Dr Julian Walker, consultant forensic clinical psychologist, has been appointed as permanent research and development director for AWP.
Research activity in the trust has increased significantly this year. The benefits of a research active trust include better outcomes for patients compared to trusts that don't do research, opportunities for patients to gain access to new treatments that may take years to come to market and collaboration with local academic institutions to improve care from a robust evidence base.
Julian began his career at the Maudsley Hospital and the Institute of Psychiatry where he trained in clinical psychology and completed his PhD while working in prison, community and medium secure settings. In 2003 he moved to AWP to work on the new Fromeside medium secure project which opened in 2005. He has been a consultant forensic clinical psychologist for 10 years and works clinically within the Pathfinder personality disorder service at Fromeside.
Julian is an experienced clinician, researcher and manager with 25 publications in forensic mental health from personality disorder, to risk assessment and payment by results.
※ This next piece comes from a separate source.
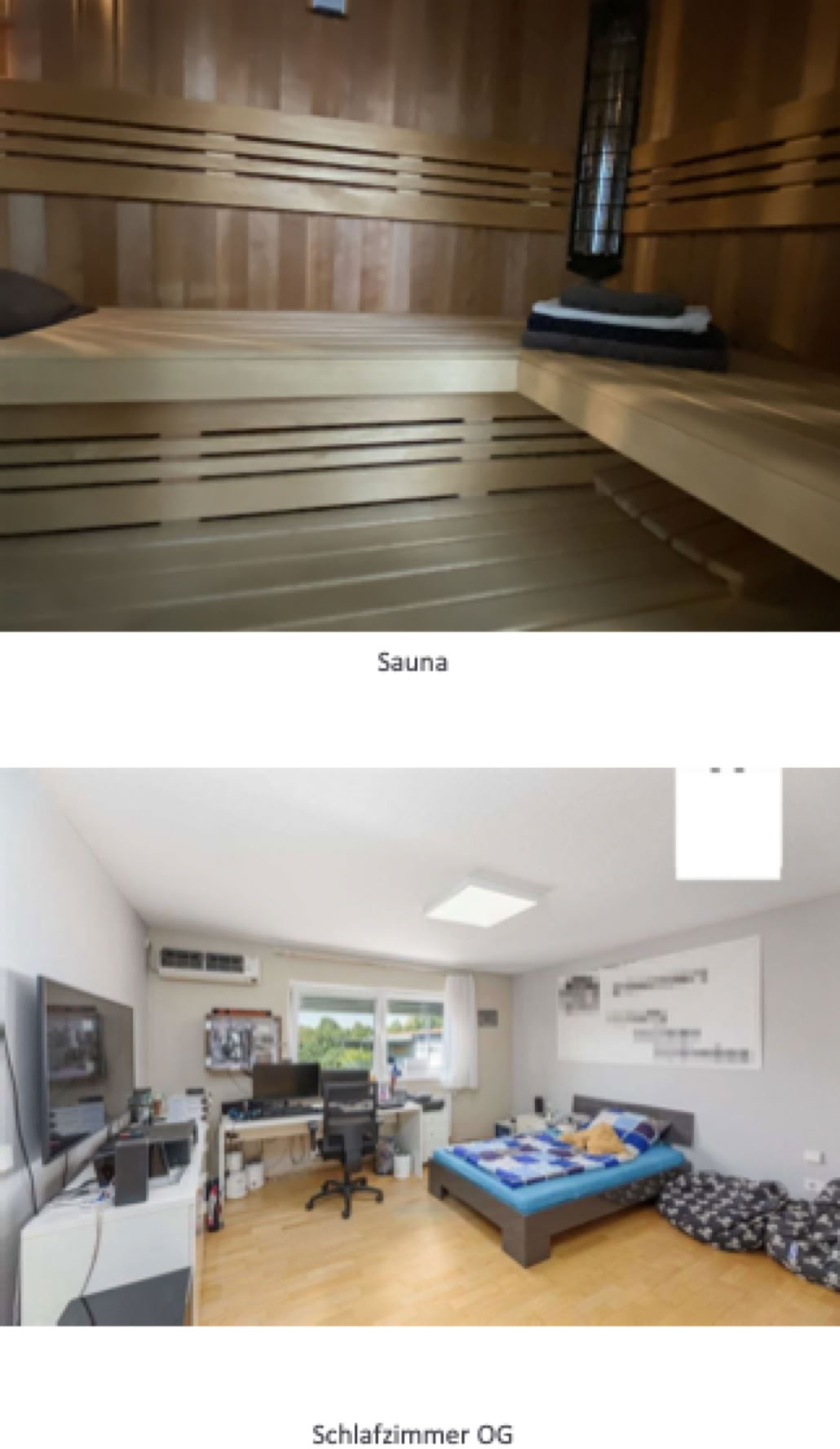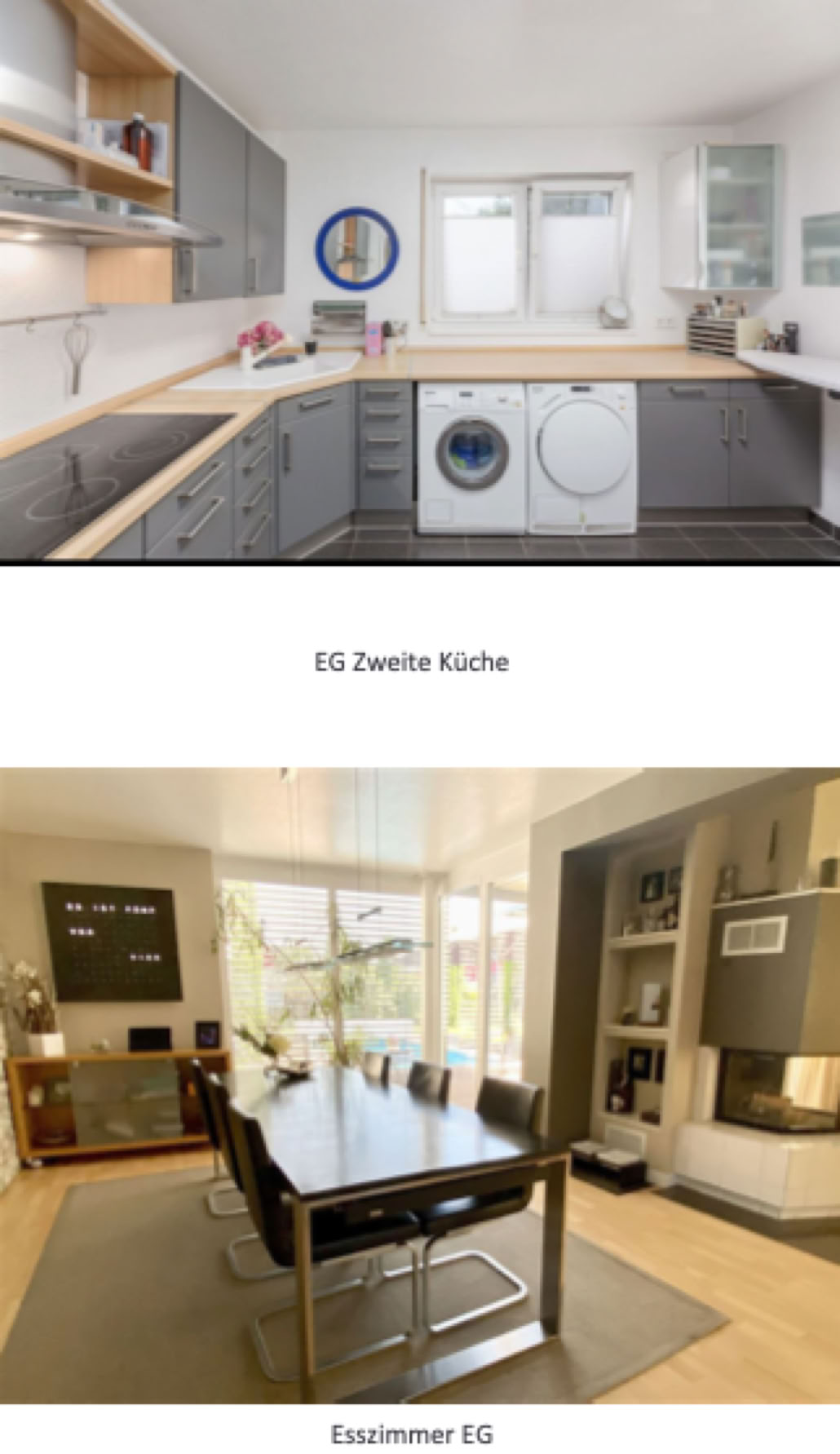 Dieses großzügige Wohnhaus bietet mit ca. 243 m² Wohnfläche plus einem vielseitig nutzbaren Anbau (ca. 74 m²) ein Raumangebot, das in dieser Form selten zu finden ist. Ob als Einfamilienhaus mit luxuriösem Komfort, als Zuhause für mehrere Generationen oder als Wohnen und Arbeiten unter einem Dach – hier stehen Ihnen alle Möglichkeiten offen. Das Herzstück bildet der offene Wohn- und Essbereich mit stilvollem Kamin und gleich zwei modernen Einbauküchen. Von hier gelangen Sie auf die weitläufige Terrasse mit beheizbarem Pool (Keramikwanne mit 3D-Oberfläche) – perfekt für entspannte Stunden im eigenen Wellnessbereich. Ergänzt wird dieser durch ein elegantes Bad mit Sauna, Wanne und Dusche. Die private Rückzugsebene im Obergeschoss bietet drei weitere Schlaf- bzw. Kinderzimmer, zwei Bäder sowie ein Ankleidezimmer. Ein großes Büro mit eigener Küchenzeile und Duschbad kann zudem in eine eigenständige Einliegerwohnung verwandelt werden. Der 2014 errichtete Anbau beherbergt ein weiteres Schlafzimmer, einen Fitness- und Ankleidebereich – ideal für Gäste oder als separater Wohnbereich. Komfort und Sicherheit sind selbstverständlich: Klimaanlage in den Schlafräumen, Garage mit elektrischem Tor und direktem Hauszugang, zusätzlicher Carport (2014), fünf weitere Stellplätze, eingezäuntes Grundstück mit Alarmanlage und Videoüberwachung.

He also chairs the Forensic Pathways Clinical Reference Group for the Specialist Commissioning Board at NHS England.
Julian said: "I am delighted and enthused about my appointment. It's been a tough but productive year in R&D; we have a great staff team and a number of nationally important projects we are leading on. Thanks to the clinical staff and the R&D staff we got nearly 1,000 people into national research studies last year, our highest ever year and representing 5% of our patient population.
"We have some very good and developing links with local universities and we are excited about some of the opportunities research will lead to over the next couple of years - particularly with colleagues in Bristol Health Partners and the newly authorised West of England Academic Health Science Network."
Medical director Dr Hayley Richards said: "I am delighted by Julian's appointment, which has been widely welcomed by our research partners and academic partners throughout the region."